Within the records below, find the line with "1. Inicia sesión" and the line with "нестандартные решения и", then reproduce exactly those two lines and all lines between them, without any picture.
Segment Start: Information
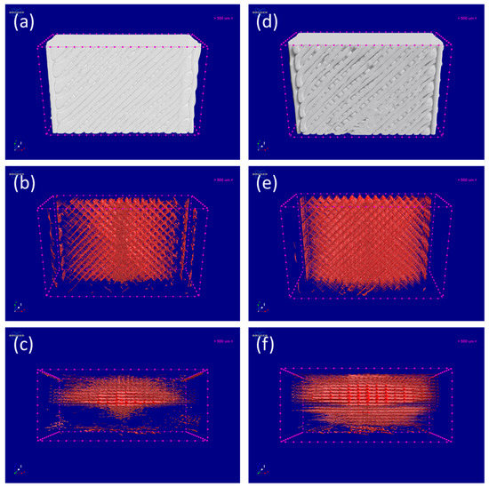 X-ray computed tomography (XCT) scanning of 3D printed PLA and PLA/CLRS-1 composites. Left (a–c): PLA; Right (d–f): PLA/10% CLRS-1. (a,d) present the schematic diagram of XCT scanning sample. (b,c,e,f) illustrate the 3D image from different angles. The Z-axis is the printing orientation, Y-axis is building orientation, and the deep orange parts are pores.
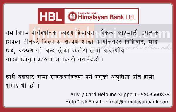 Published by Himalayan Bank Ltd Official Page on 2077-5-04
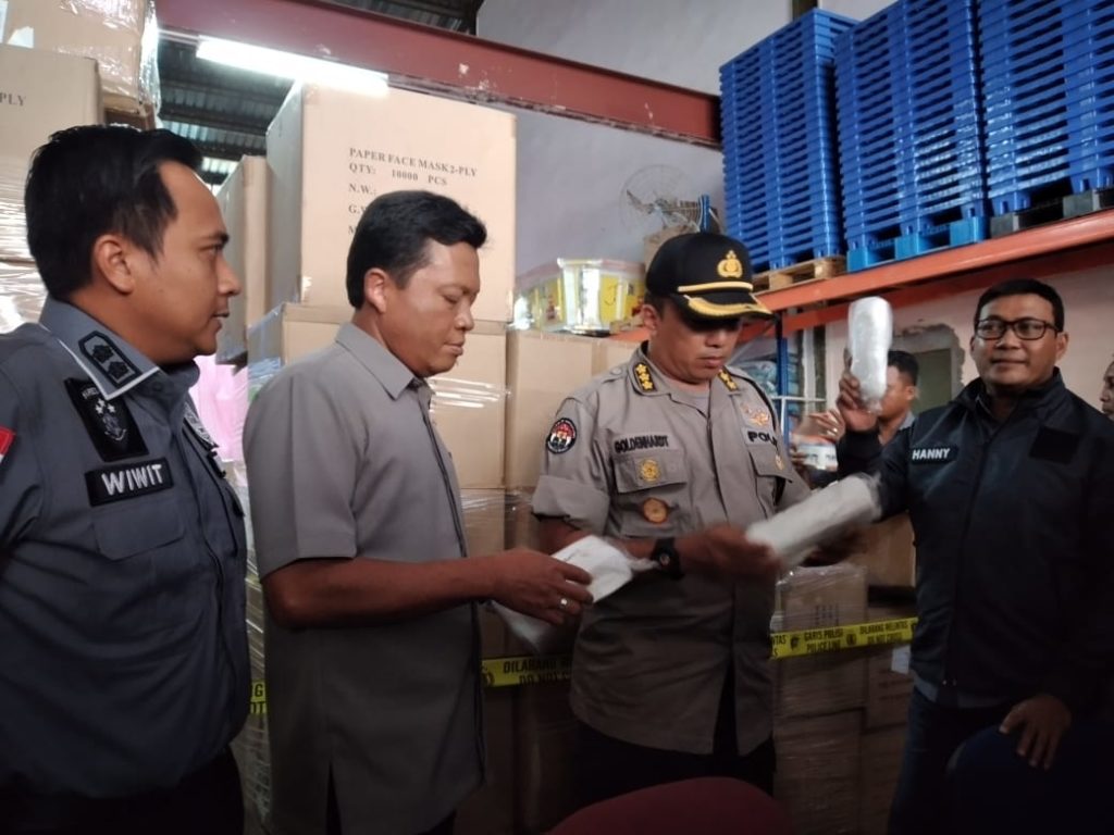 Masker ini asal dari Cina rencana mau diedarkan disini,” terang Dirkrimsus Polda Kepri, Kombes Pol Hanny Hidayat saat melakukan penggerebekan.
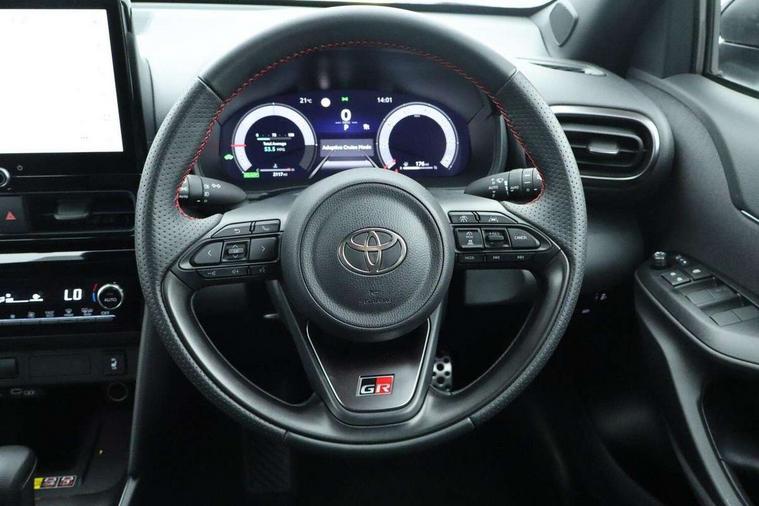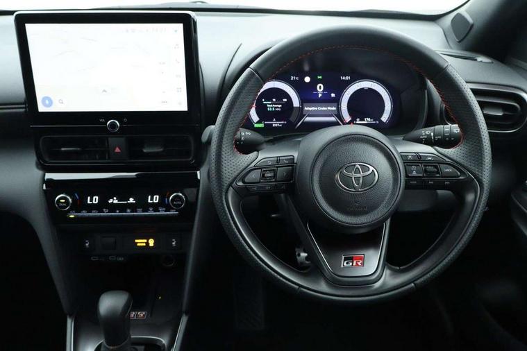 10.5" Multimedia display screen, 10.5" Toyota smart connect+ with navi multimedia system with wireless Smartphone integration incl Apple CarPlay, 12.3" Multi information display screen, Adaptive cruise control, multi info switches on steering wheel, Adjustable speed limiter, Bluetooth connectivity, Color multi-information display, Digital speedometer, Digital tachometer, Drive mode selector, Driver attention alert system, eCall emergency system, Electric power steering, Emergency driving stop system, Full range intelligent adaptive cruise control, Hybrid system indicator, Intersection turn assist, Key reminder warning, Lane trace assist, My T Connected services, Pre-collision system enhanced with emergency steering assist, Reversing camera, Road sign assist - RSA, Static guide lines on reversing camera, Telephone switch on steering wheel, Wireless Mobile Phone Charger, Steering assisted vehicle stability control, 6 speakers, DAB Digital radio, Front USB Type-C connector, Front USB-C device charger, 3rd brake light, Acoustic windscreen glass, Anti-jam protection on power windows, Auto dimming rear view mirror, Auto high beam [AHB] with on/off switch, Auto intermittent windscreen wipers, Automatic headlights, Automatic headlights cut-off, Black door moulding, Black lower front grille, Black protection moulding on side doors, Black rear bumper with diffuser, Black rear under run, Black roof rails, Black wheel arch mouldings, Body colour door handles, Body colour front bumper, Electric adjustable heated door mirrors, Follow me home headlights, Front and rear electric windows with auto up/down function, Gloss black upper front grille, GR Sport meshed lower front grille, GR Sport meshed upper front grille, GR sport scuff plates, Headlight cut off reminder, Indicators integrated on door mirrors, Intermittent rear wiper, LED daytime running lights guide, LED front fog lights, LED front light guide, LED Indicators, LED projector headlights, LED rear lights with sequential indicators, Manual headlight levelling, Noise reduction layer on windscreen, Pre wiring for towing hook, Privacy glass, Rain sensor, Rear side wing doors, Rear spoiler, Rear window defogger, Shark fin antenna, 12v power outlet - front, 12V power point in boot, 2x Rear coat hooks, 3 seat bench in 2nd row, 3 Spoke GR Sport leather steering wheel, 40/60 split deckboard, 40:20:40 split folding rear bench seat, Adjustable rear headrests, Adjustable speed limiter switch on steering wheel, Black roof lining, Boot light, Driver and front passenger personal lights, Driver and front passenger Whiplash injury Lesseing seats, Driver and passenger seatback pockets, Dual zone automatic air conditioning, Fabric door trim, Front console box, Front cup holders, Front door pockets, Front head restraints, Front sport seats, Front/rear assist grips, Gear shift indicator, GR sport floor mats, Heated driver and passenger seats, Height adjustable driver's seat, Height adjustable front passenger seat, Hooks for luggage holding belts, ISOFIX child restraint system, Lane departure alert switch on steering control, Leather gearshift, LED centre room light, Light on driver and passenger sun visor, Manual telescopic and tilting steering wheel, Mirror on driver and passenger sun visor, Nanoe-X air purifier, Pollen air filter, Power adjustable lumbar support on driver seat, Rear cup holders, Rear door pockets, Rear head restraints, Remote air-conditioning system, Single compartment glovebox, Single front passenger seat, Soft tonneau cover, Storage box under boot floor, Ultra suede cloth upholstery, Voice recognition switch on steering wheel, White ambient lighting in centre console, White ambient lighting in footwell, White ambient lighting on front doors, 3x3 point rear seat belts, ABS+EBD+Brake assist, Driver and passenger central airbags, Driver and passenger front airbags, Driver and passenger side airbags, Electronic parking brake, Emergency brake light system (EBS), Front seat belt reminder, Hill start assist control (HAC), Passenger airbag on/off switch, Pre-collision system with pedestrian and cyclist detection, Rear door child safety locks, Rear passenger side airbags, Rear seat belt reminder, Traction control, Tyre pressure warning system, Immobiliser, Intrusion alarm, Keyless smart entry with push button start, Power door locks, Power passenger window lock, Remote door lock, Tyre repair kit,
Segment End: Information
Segment Start: Information
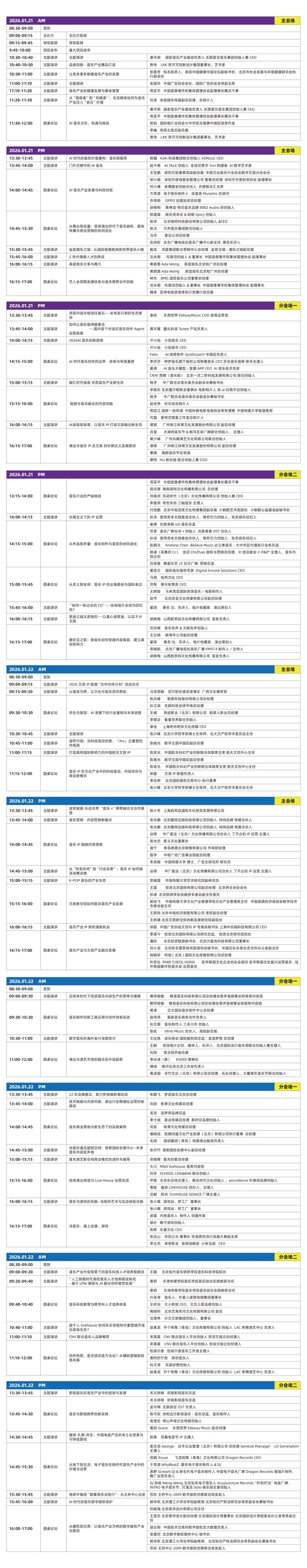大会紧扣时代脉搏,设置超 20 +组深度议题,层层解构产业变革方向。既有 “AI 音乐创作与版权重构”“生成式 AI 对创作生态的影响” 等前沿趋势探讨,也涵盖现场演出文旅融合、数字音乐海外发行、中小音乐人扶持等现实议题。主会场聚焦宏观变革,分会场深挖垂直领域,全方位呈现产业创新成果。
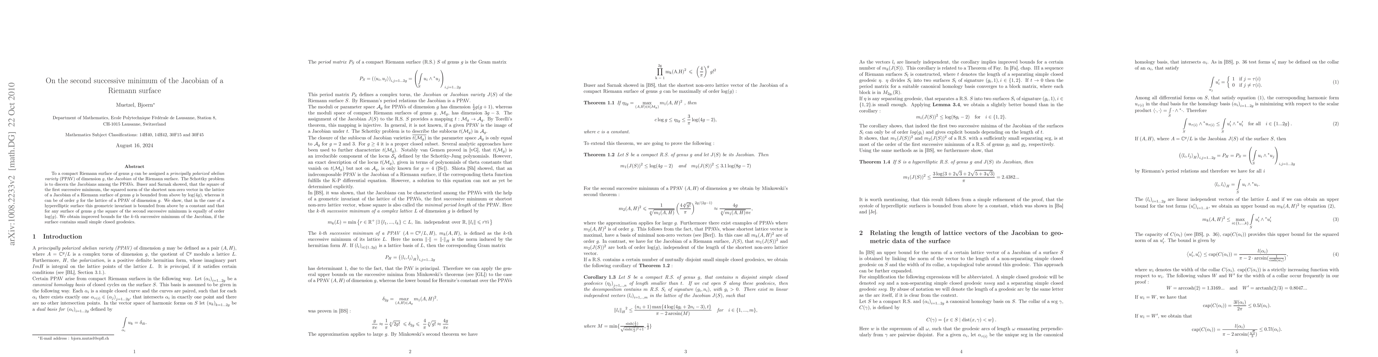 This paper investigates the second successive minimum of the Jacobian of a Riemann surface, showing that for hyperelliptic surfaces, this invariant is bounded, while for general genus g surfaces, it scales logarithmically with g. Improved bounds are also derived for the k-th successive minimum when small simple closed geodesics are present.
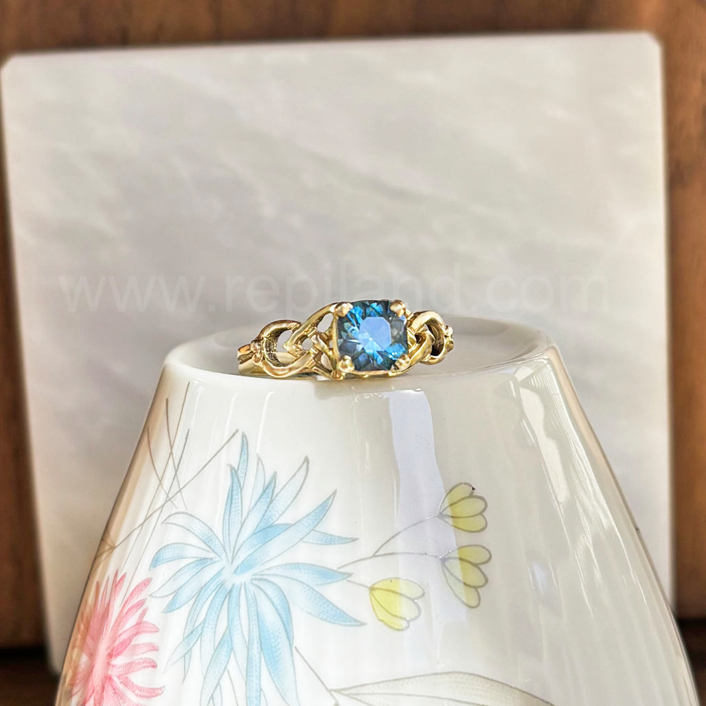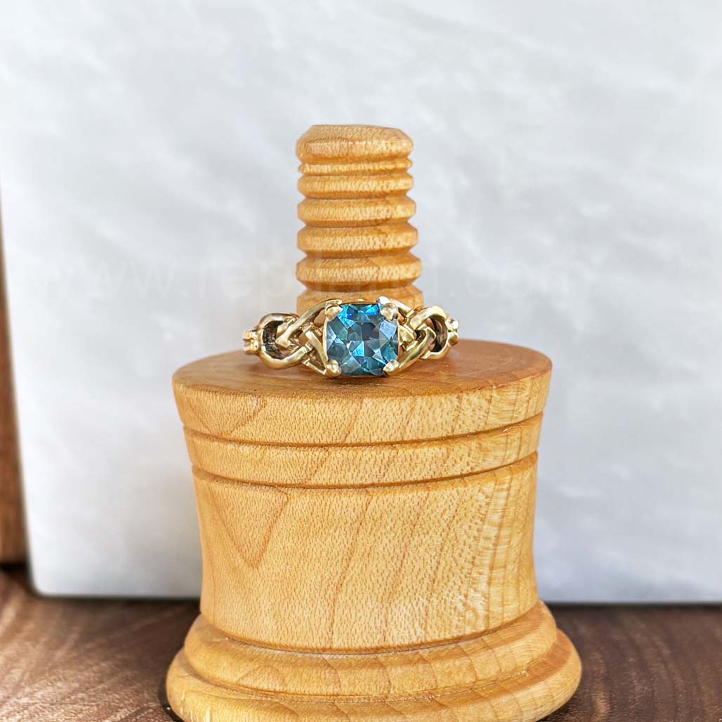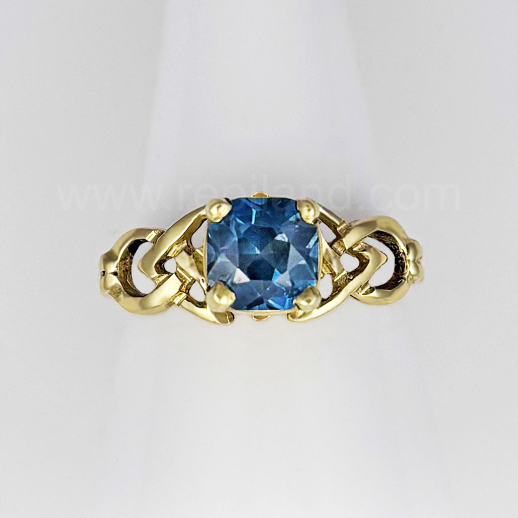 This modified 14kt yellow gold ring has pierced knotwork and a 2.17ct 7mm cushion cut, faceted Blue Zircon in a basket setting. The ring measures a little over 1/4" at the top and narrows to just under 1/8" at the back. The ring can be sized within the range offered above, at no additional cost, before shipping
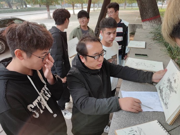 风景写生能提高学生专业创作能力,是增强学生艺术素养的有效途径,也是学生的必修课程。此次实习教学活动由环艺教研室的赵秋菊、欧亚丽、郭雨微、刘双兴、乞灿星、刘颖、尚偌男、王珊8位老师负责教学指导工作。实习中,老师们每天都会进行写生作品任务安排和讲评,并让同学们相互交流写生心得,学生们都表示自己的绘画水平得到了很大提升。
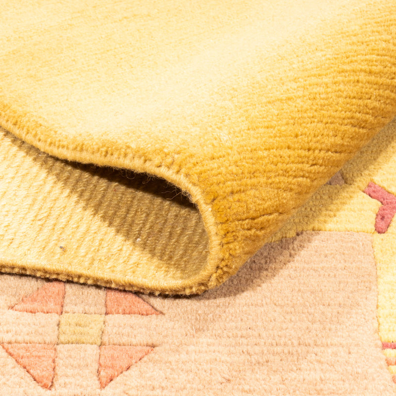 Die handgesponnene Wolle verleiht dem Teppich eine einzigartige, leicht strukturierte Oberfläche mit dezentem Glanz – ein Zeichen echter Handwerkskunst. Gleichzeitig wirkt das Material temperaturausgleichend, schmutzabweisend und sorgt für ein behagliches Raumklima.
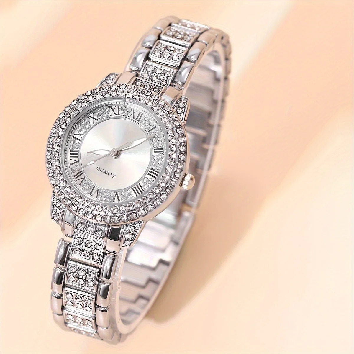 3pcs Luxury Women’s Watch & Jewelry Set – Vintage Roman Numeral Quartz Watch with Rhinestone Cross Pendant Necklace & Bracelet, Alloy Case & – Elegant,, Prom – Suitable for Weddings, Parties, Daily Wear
Segment End: Information
Segment Start: Information
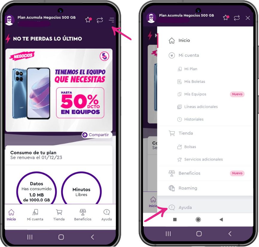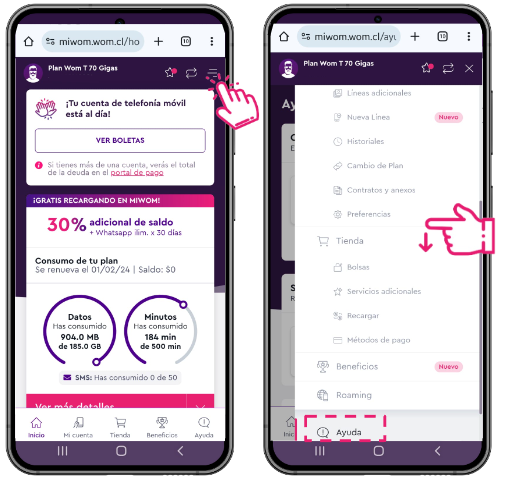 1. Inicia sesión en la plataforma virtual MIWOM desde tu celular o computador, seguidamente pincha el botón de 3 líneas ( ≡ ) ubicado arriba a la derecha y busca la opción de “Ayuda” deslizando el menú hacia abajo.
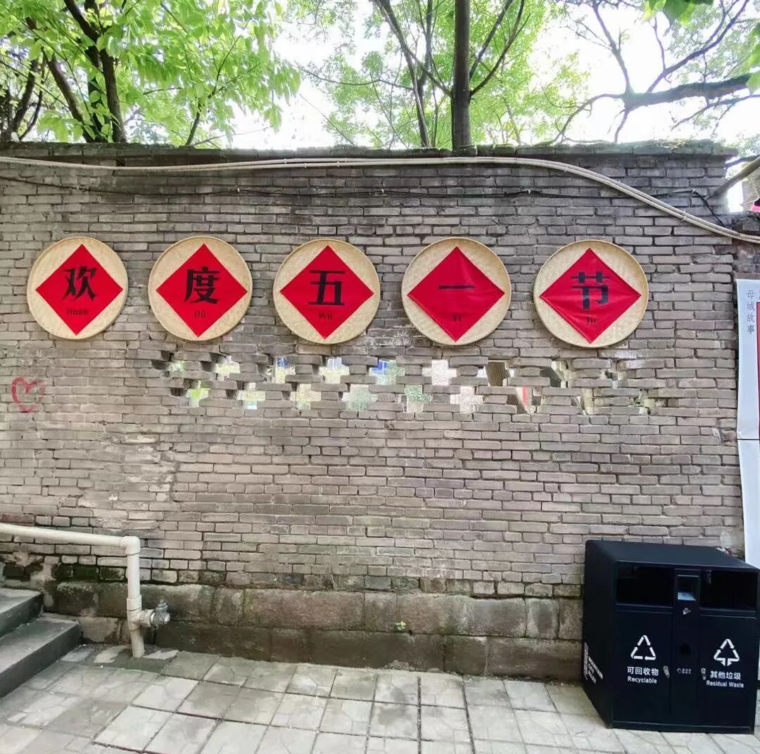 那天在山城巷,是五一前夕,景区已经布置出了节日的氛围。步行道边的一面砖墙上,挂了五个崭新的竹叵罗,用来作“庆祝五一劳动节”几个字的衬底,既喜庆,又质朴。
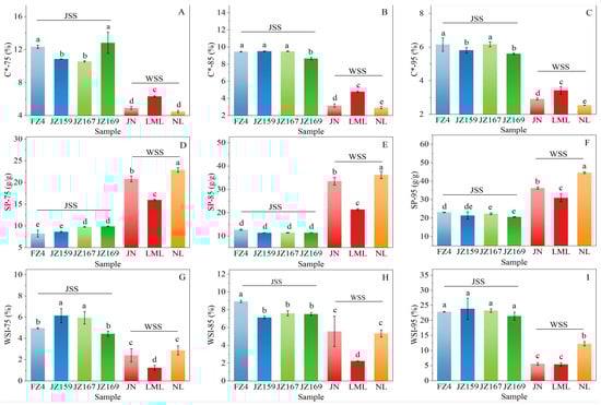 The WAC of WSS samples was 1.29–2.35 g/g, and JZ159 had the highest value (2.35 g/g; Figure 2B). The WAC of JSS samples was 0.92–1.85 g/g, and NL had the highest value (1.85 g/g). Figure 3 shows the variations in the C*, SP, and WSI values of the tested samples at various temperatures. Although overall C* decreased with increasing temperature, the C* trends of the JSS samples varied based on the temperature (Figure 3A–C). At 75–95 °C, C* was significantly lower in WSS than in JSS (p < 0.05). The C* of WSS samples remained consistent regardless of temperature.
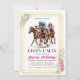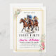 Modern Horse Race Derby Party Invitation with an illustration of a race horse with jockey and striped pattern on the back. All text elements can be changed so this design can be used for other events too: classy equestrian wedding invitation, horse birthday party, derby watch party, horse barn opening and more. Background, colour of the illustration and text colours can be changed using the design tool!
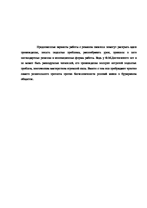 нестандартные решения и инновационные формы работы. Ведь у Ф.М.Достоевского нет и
Segment End: Information
Answer section –
 1. Inicia sesión en la plataforma virtual MIWOM desde tu celular o computador, seguidamente pincha el botón de 3 líneas ( ≡ ) ubicado arriba a la derecha y busca la opción de “Ayuda” deslizando el menú hacia abajo.
 那天在山城巷,是五一前夕,景区已经布置出了节日的氛围。步行道边的一面砖墙上,挂了五个崭新的竹叵罗,用来作“庆祝五一劳动节”几个字的衬底,既喜庆,又质朴。
 The WAC of WSS samples was 1.29–2.35 g/g, and JZ159 had the highest value (2.35 g/g; Figure 2B). The WAC of JSS samples was 0.92–1.85 g/g, and NL had the highest value (1.85 g/g). Figure 3 shows the variations in the C*, SP, and WSI values of the tested samples at various temperatures. Although overall C* decreased with increasing temperature, the C* trends of the JSS samples varied based on the temperature (Figure 3A–C). At 75–95 °C, C* was significantly lower in WSS than in JSS (p < 0.05). The C* of WSS samples remained consistent regardless of temperature.
 Modern Horse Race Derby Party Invitation with an illustration of a race horse with jockey and striped pattern on the back. All text elements can be changed so this design can be used for other events too: classy equestrian wedding invitation, horse birthday party, derby watch party, horse barn opening and more. Background, colour of the illustration and text colours can be changed using the design tool!
 нестандартные решения и инновационные формы работы. Ведь у Ф.М.Достоевского нет и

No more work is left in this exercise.